> **Information supplied**
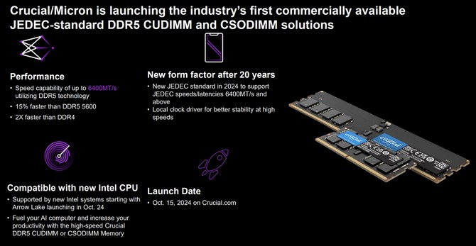 然而,Crucial并没有止步于现有的产品线。随着技术的不断进步,CUDIMM/CSODIMM作为新一代内存模块应运而生。这些新模块预计在2024年推出新JEDEC标准,将支持更高的速度和更低的延迟,并具备本地时钟驱动器以提高高速下的稳定性。这些特性使得CUDIMM/CSODIMM在性能上远超传统的UDIMM和SODIMM内存模块,成为未来计算系统的重要组成部分。
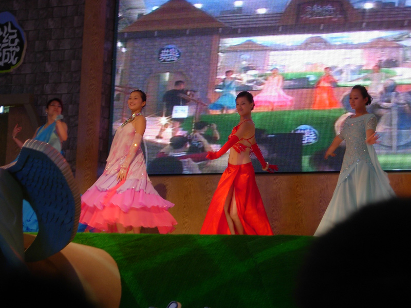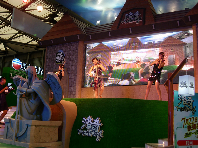 大家在经过有序的排队之后,每个人都手提着娜儿发送的礼品包,围着前台注视着展台上的女神像,殷切的期待着女神的降临。10点整,伴着场景的变幻,主台上女神像座基大门缓缓开启,女神降临人间!整个展区沸腾了起来。这时主持人走了出来,介绍《洛奇》的展台和全天活动、奖品,欢迎各位来宾来到洛奇的世界。接着由三人女子提琴表演的“爱琳之歌”,更是完全调动了现场的气氛,把人潮都吸引了过来。
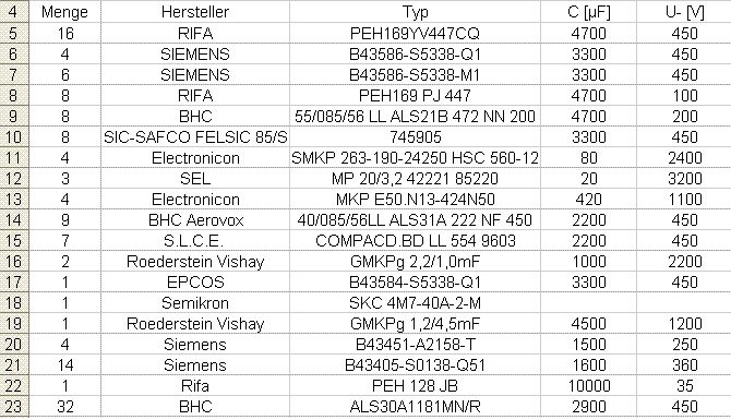 Da sind ja einige interessante Kondensatoren bei. Interesse besteht an 450 V Kondensatoren und größere Typen. Vor allem an der Nummer 5 und 23, da die ja doch in etwas größeren Stückzahlen vorhanden sind.
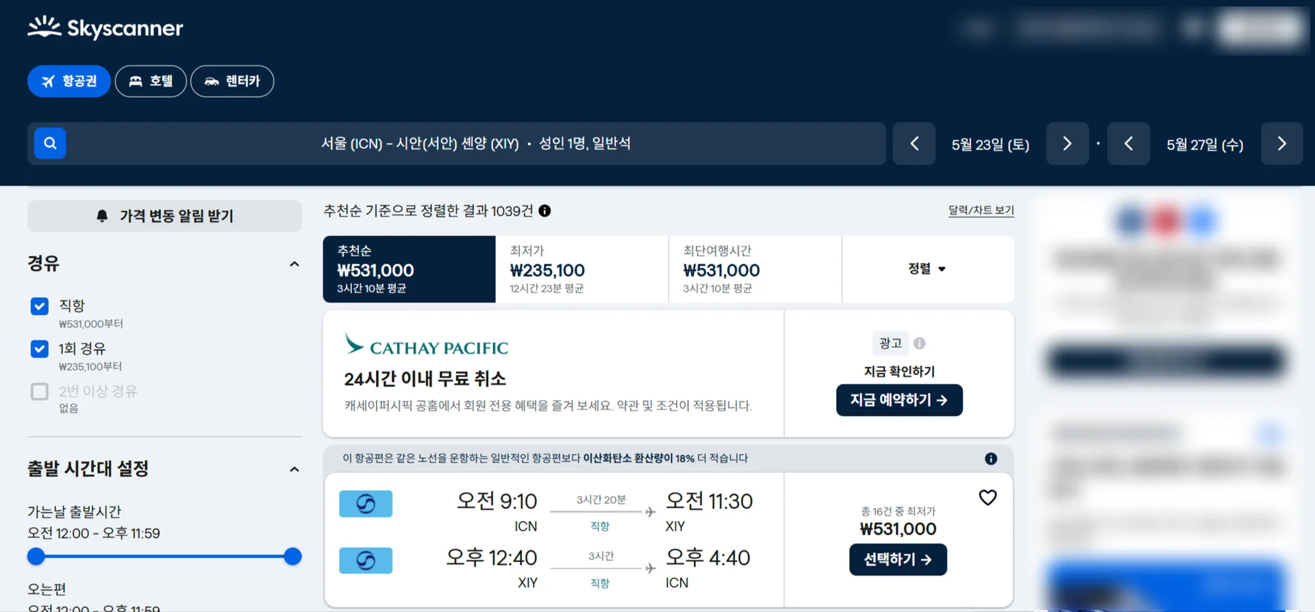 동일한 날짜 동일한 항공편을 직접 조회해보니 53만원으로 구매가 가능한 걸 확인할 수 있습니.
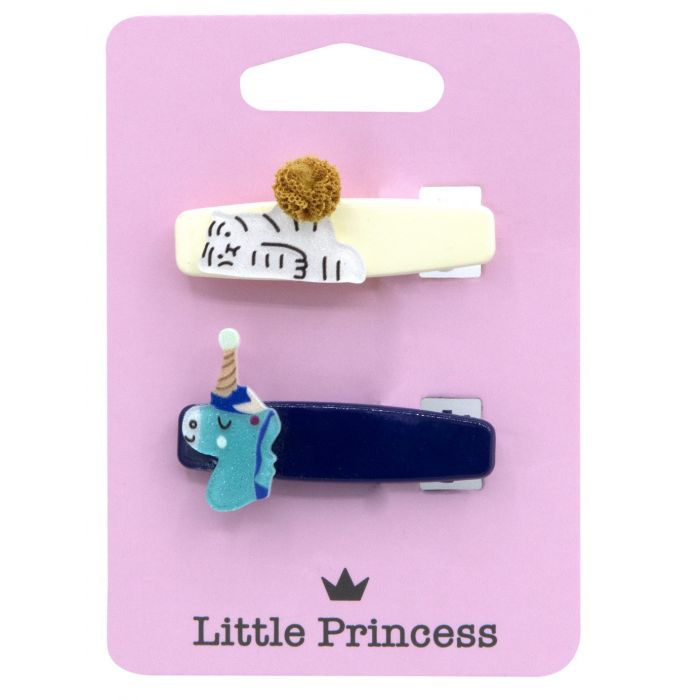 You Are The Princess Set de 2 Barrettes Licorne Bleue et Tigre Blanc Little Princess
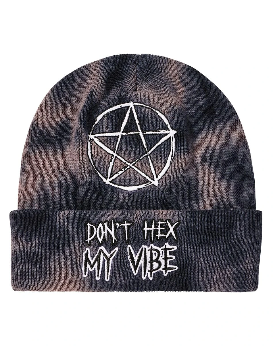 Whether you’re looking to complete your Halloween costume or you just want to add a stylish new hat to your collection, this beanie is a must-have. Featuring an image of a pentagram and the words “Don’t Hex My Vibe,” this hat will perfectly match your look.
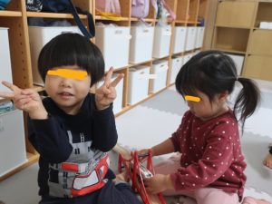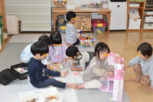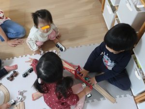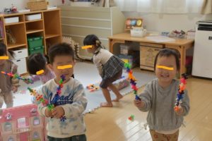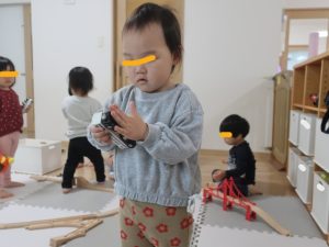 お友だちの遊びにも興味を持ち、一緒に遊ぶ姿が多く見られました(^-^)
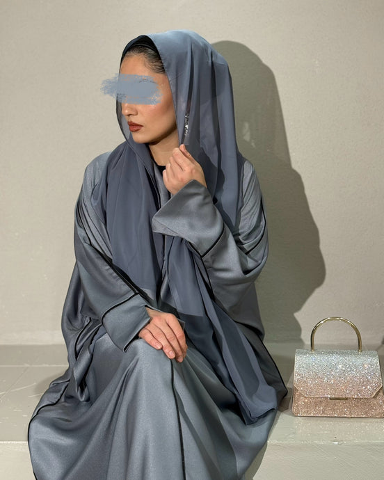 Closed Shimmery Satin Abaya with Piping (Grey)
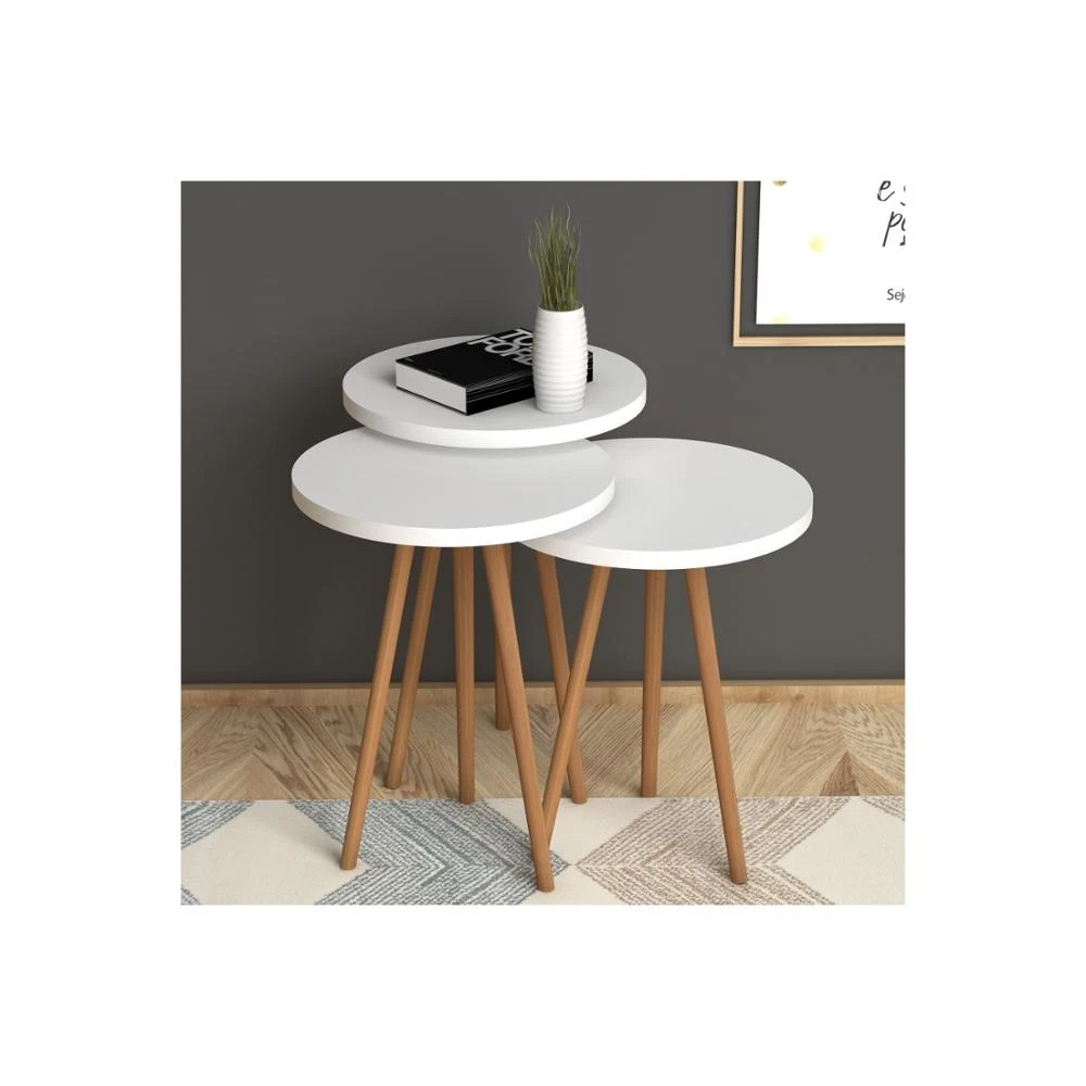 صنع في تركيا 3 قطع طاولات قهوة بيضاء صغيرة حديثة عملية دائمة طاولات الشاي غرفة المعيشة زيجون الخشب اكسسوارات

> **Exercise prompt**
What you output must be exactly the lines from the line with "お友だちの遊びにも興味を持ち、一緒に遊ぶ姿が多く見られました(^-^)" through the last line of the listing, pictures excluded.

> **Reply**
 お友だちの遊びにも興味を持ち、一緒に遊ぶ姿が多く見られました(^-^)
 Closed Shimmery Satin Abaya with Piping (Grey)
 صنع في تركيا 3 قطع طاولات قهوة بيضاء صغيرة حديثة عملية دائمة طاولات الشاي غرفة المعيشة زيجون الخشب اكسسوارات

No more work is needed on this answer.